[[ DATA EXCERPT, beginning ]]

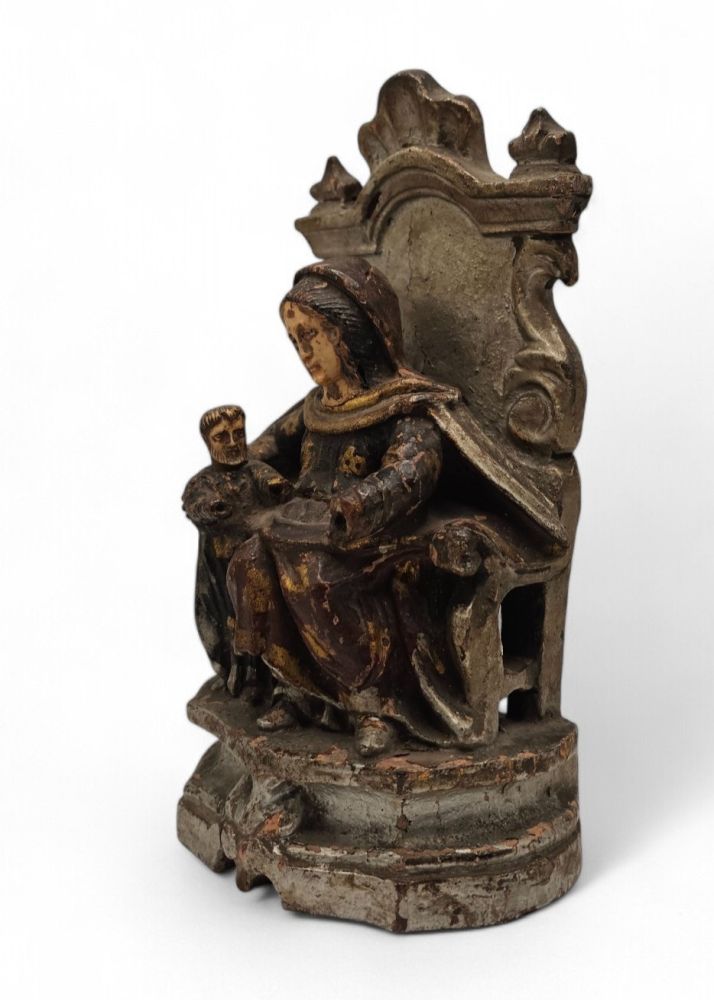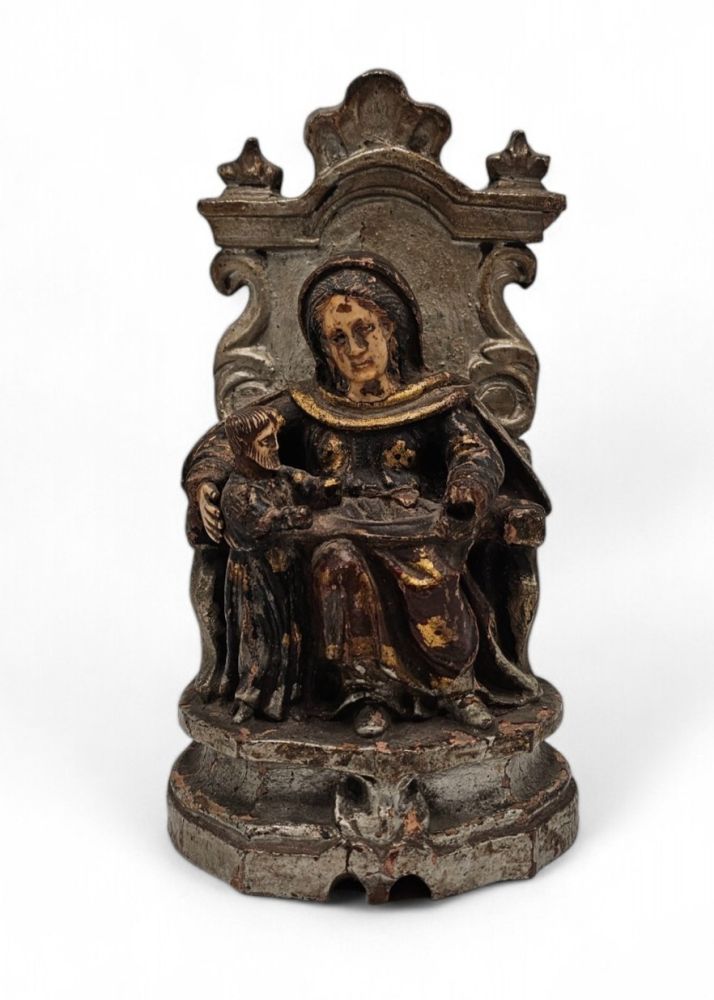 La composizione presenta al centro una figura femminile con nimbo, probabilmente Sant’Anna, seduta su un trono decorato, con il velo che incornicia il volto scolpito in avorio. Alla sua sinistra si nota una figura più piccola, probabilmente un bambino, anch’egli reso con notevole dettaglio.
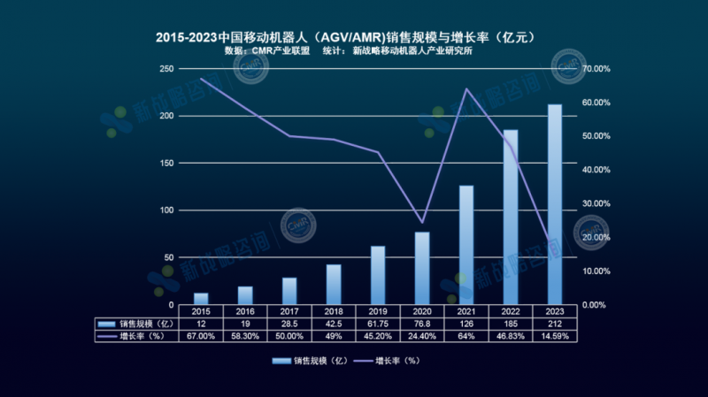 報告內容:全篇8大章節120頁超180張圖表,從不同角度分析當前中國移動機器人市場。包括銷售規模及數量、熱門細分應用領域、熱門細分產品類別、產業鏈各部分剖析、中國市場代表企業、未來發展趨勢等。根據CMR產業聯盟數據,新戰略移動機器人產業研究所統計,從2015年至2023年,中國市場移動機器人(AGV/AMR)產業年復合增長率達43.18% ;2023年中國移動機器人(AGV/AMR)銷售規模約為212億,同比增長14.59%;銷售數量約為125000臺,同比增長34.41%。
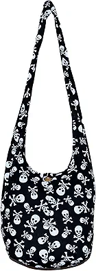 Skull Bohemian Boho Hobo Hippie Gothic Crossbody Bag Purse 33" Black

[[ DATA EXCERPT, end ]]

YOUR TASK
Write the listing out in full, exactly; no images.

ANSWER FOR THIS EXERCISE
 La composizione presenta al centro una figura femminile con nimbo, probabilmente Sant’Anna, seduta su un trono decorato, con il velo che incornicia il volto scolpito in avorio. Alla sua sinistra si nota una figura più piccola, probabilmente un bambino, anch’egli reso con notevole dettaglio.
 報告內容:全篇8大章節120頁超180張圖表,從不同角度分析當前中國移動機器人市場。包括銷售規模及數量、熱門細分應用領域、熱門細分產品類別、產業鏈各部分剖析、中國市場代表企業、未來發展趨勢等。根據CMR產業聯盟數據,新戰略移動機器人產業研究所統計,從2015年至2023年,中國市場移動機器人(AGV/AMR)產業年復合增長率達43.18% ;2023年中國移動機器人(AGV/AMR)銷售規模約為212億,同比增長14.59%;銷售數量約為125000臺,同比增長34.41%。
 Skull Bohemian Boho Hobo Hippie Gothic Crossbody Bag Purse 33" Black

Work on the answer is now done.